A Moral Compass – Part 4

compass2So far we have seen that many people make decisions based on either general acceptance or personal preference. We have also seen the error in both of these. Both are ambiguous because acceptance and preferences are subject to change. How, then, should we make decisions, especially on moral matters?


John Oswalt, in The New NIV Commentary: Isaiah, points out that we have two ways of knowing things (anything). Here they are:

1. By experience

You know something because you have personally lived through it or feel it yourself.

 2. By revelation

This is how we know of things outside of our experience. We may we hear about it, read about it, or find out about it in some other manner.

We have already seen that truth based solely on our own personal experience (#1 above) is notoriously untrustworthy.
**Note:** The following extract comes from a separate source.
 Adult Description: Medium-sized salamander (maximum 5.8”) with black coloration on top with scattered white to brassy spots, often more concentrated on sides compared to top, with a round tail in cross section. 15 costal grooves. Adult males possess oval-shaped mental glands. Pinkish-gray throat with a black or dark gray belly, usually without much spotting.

Therefore, the only option we have left is revealed truth.

To truly know what is right and what is wrong, we have to consult someone outside of ourselves, someone with the authority to make the decision. Who might that be?

How about the Creator?

Sometimes when we are playing a game, we have a question about the rules. After all, different families play games different ways, and when members of these families come together, it does not work to depend on people’s experiences to decide how to play. Each person has experienced a different way to play and prefers to have it his way. So, where do you turn?
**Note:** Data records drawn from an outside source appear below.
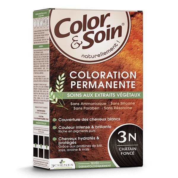 Composée avec des extraits végétaux riches en pigments purs, la coloration permanente châtain foncé 3N Les 3 Chênes Color et Soin permet de colorer les cheveux blancs dès la première application et d’obtenir des résultats aussi performants qu’avec un produit classique.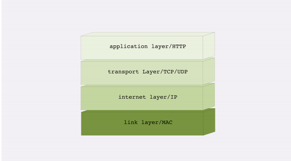 TCP/IP 协议总共有四层,就像搭积木一样,每一层需要下层的支撑,同时又支撑着上层, 任何一层被抽掉都可能会导致整个协议栈坍塌。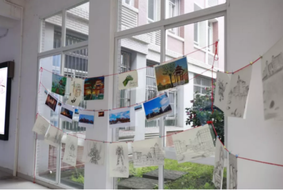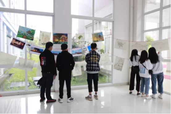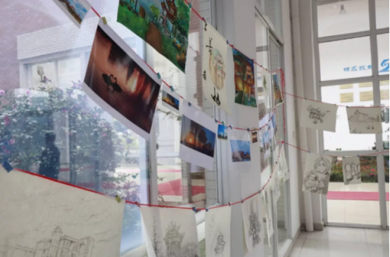 本次展览共展出三十余张的素描画、彩绘、大型水墨画以及十余张水院美景照片。其中,绘画作品均是由环艺1831团支部成员亲自创作,包含校园风景、卡通人物设计、服装设计、商标及节日设计等;展品中的艺术字设计则由环境艺术教研室的党员教师完成。一张张精致的作品吸引了许多过往师生驻足观看。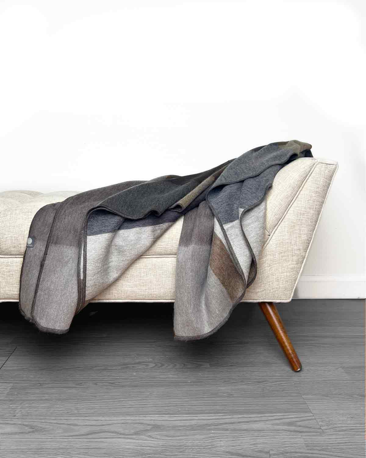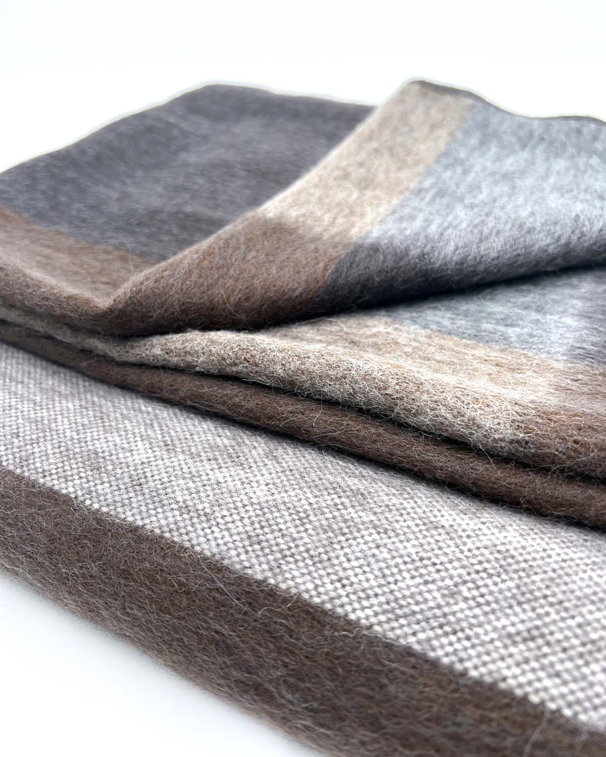 Pagražinkite savo namų interjero dizainą naudodami mūsų alpakų vilnos pledo Mosswood spalvas. Derinį sudaro nuostabi gilių rudų, subtilių pilkų atspalvių paletė ir švelnūs šviesiai mėlynos spalvos akcentai pledo pakraščiuose.

You have to look in the rulebook. Does it not make sense that the creator of the game should get to make the decision?

Maybe we should take the same attitude with the moral questions we have about life. When we need to know what is right and what is wrong, we would do well to look to the Creator and His rulebook in which He revealed His idea of truth.

Again, remember Paul’s words to the Corinthians:

That your faith should not stand in the wisdom of men, but in the power of God. (1 Corinthians 2:5)

Paul wanted their faith to be in God rather than man. Man’s thoughts and feelings will change, but God will not.

So, what do we do about the moral dilemma in which we find ourselves concerning the issue of homosexual marriage? In my opinion, the debate should not even be over the definition of marriage. The fact we would even have this discussion indicates a deeper problem—the fact that we have no moral compass.

As humans, we do not have the authority to decide what is right and wrong. That has already been decided. Our job is to humbly submit ourselves to God’s definition of morality.